A budget-neutral reform that raises income taxes while cutting consumption taxes does improve progressivity across income groups — the rich pay more relative to the poor. However, it significantly worsens equity within income groups, because it is mostly salaried workers who actually end up paying more. Self-employed individuals at the same income level continue to underreport and largely escape the net. The reform that looks progressive on paper can deepen unfairness in practice.


Tax Policy Tradeoffs of Horizontal and Vertical Equity

Note: This figure shows the results of a budget neutral reform that raises 1% of GDP from PIT rebated through VAT cut. The increase in PIT revenue arises from changes in the marginal tax rates paid by top-decile households to simulate a progressive tax reform.


Here is what may be surprising: consumption taxes (taxes on what you spend, like sales tax), treat employees and self-employed workers more fairly than income taxes do. That is because people at similar income levels tend to spend their money in similar ways, regardless of whether they work for a company or for themselves, meaning consumption taxes affect both groups roughly the same. The salaried worker and the self-employed peer end up bearing a more equal tax burden. The paper shows that how fairly taxes are distributed and who actually pays them are linked and must be considered together.
 

Citizens know something is wrong — but want enforcement, not a tax switch

To understand how citizens perceive these inequities and what they want done about them, we conducted large-scale surveys of over 17,600 respondents across six middle-income countries, including Pakistan.
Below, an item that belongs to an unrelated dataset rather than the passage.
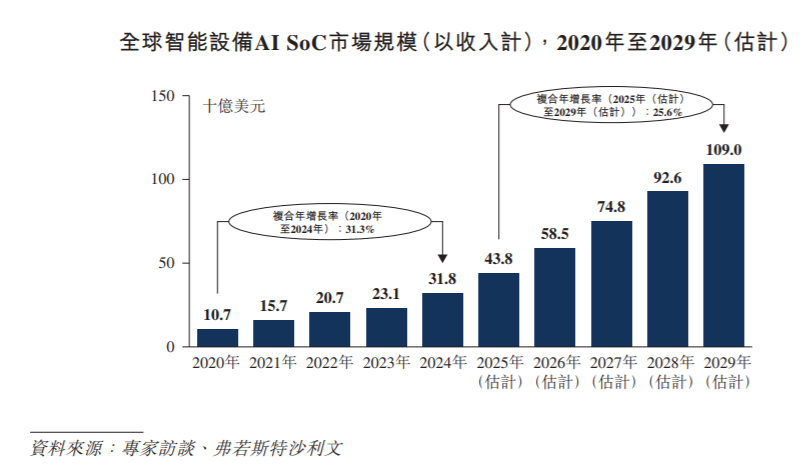 以收入计,全球智能设备AI SoC市场规模由2020年的107亿美元增长至2024年的318亿美元,2020年至2024年的复合年增长率达到31.3%。预计至2029年,全球智能设备AI SoC市场规模将进一步由2025年的438亿美元增长至1090亿美元,2025年至2029年的复合年增长率将达到25.6%。从发展趋势来看,随著AI在智能设备中的应用持续深化,智能设备AI SoC未来有著十分广阔的发展前景。

When people were told the actual size of the gap, for instance, that salaried workers in Pakistan pay four times more in income tax than self-employed individuals with similar earnings, their concern increased sharply. The information mattered. People were not indifferent to unfairness across worker types; they simply did not know how large it was.


The revealing part is that learning about the gap did not shift people’s preferences toward consumption taxes as a policy fix. Those who became more concerned about the inequity also believed that the government could reduce evasion if it genuinely tried. Their conclusion was not that the tax mix was wrong, it was that the system was being poorly administered.

This reflects an important political logic. If citizens see that income taxes fall disproportionately on easy-to-tax employees while the self-employed go largely untouched, they will resist any reform that raises income taxes further. In such an environment, efforts to bring more taxpayers and income into the formal tax system will only succeed when enforcement improves alongside them.
 

What this means for tax reform

Large inequities across worker types are not just a fairness problem. They create the perception, grounded in reality, that the burden of any new reform will fall on those who already bear the most. That perception becomes a constraint on any reform process before it even starts.

For base broadening to succeed, governments need to pair changes to tax schedules with visible and credible improvements in enforcement capacity. Technology offers practical tools here: third-party reporting, digital invoicing, and data integration between revenue authorities and financial institutions are the mechanisms through which equity across worker types can be improved in practice.

The paper also notes that the same logic applies beyond the self-employed versus employee divide. International tax avoidance and the preferential treatment of capital income over labor income generate similar inequities, and similar political resistance.

Fair taxation starts with the perception that everyone is playing by the same rules. Where that perception is absent, reform will be hard.